On March 20, 2023, Gloo Holdings, LLC, established Gloo Incentives, LLC, a wholly owned subsidiary of Gloo Holdings, LLC, for the purpose of implementing an incentive equity program under which incentive awards ("Profits Units") could be issued to eligible employees or other individuals providing services to Gloo Holdings, LLC. Under this plan, Gloo Holdings, LLC was able to issue Profits Units directly to such service providers and the number of Profits Units authorized for grant was equal to 7.10% of the total issued and outstanding units of the Company.

Each Profits Unit was subject to a "hurdle" rate per share, which was determined by the board of managers of Gloo Holdings, LLC at the date of grant. Profits Units shared in distributions of Gloo Holdings, LLC in accordance with the distribution hierarchy described in *Note 18, Stockholders' Equity and Members' Deficit*, provided that no amount could be distributed with respect to Profits Units unless and until the aggregate amount distributable was equal to the hurdle for such Profits Units. Profits Units had no expiration date and grantees retained Profits Units after their employment had terminated subject to the Company's right to repurchase such Profits Units at their then fair market value. Prior to the Corporate Reorganization, all Profits Units were equity-classified with the exception of 3,115,000 units which were liability-classified due to the grantee's right to require the Company, following the grantee's termination, to repurchase all or part of the units at a price equal to four times the trailing 12-month EBITDA.
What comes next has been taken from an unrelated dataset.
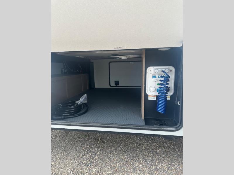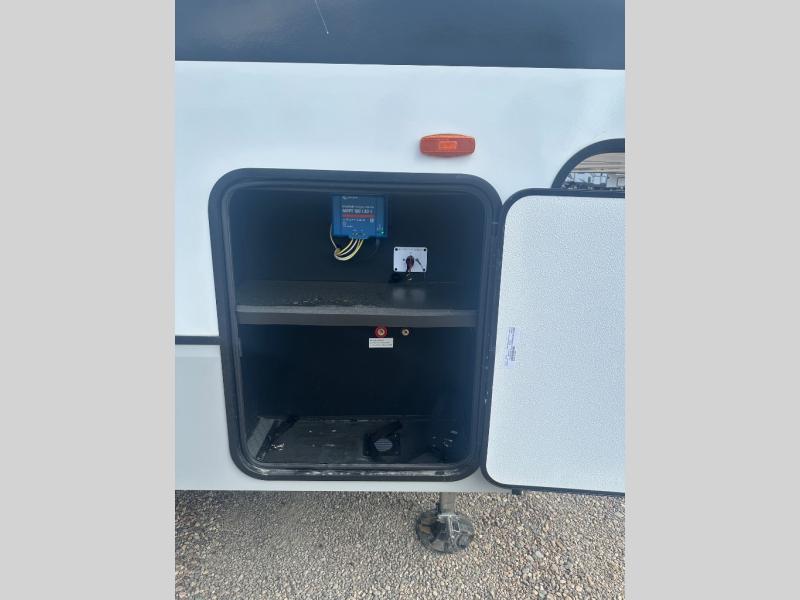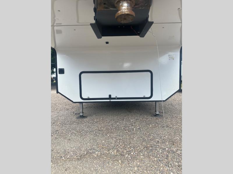 Don't pass up your chance to camp in true luxury with this fifth wheel! There is a kitchen island for others to help prepare dinner which can be either cooked on the four burner range or inside the 24" oven. The hutch can store your dishes and the large pantry can store your favorite snacks/canned goods. After a fun day at the beach, rinse the sand out in the 48" x 30" residential shower with a seat in the full bathroom, plus it has a dual sink vanity for two to get ready at once in the morning. When it's time to relax either lay down on the king bed slide in the front private bedroom or head to the rear living area where you can lay on the hide-a-bed sofa or sit in the theater seating with USB charging. There is also an entertainment center with a 40" fireplace and 43" smart LED TV to watch a movie!

In accordance with *ASC 718*, the fair value of equity-classified Profits Units was estimated on the date of the grant, while liability-classified Profits Units were remeasured as of each reporting period end date until settlement or expiration of the award. The fair value was estimated using a hybrid valuation approach that considered an assumed initial public offering or other liquidity outcomes, including a Probability-Weighted Expected Return Method ("PWERM") and a Black-Scholes model, as applicable based on the form and timing of an expected future liquidity event. The PWERM is a scenario-based analysis that estimates common stock value based on the probability-weighted present value of future equity values for the Profits Units. The Black-Scholes model estimates the fair value of the Profits Units in other assumed scenarios by requiring the Company to make certain estimates and assumptions, such as the expected price volatility of the common shares or units, the period when the awards are outstanding, the risk-free rate and the expected dividends.

***<u>Employee Stock Purchase Plan</u>***

In advance of the Corporate Reorganization and the Company's IPO, the Company's board of directors adopted the 2025 Employee Stock Purchase Plan (the "ESPP"), which became effective on the business day immediately prior to the effective date of the registration statement for the Company's IPO. However, no offering period or purchase period will begin unless and until otherwise determined by the Company's board of directors.

------

The ESPP authorizes the issuance of 500,000 shares of the Company's Class A common stock and includes an annual "evergreen" increase on the first day of each fiscal year beginning with the fiscal year following the fiscal year in which the first enrollment date (if any) occurs, equal to the least of (i) 4,400,000 shares, (ii) 3% of the outstanding shares of all classes of common stock as of the last day of the immediately preceding fiscal year, or (iii) an amount determined by the Company's board of directors.

Eligible employees will participate through payroll contributions of up to 15% of their eligible compensation, subject to plan and statutory limitations (including a 5% ownership limitation and a $25,000 annual purchase limitation). Offering periods will begin and end on dates determined by the ESPP administrator. Amounts contributed and accumulated will be used to purchase shares at the end of each six-month purchase period at a purchase price equal to 85% of the lower of the fair market value of the Company's Class A common stock on (i) the first trading day of the offering period or (ii) the exercise date.

As of January 31, 2026, the Company has not commenced any offering period or purchase period under the ESPP, and no shares have been issued under the ESPP.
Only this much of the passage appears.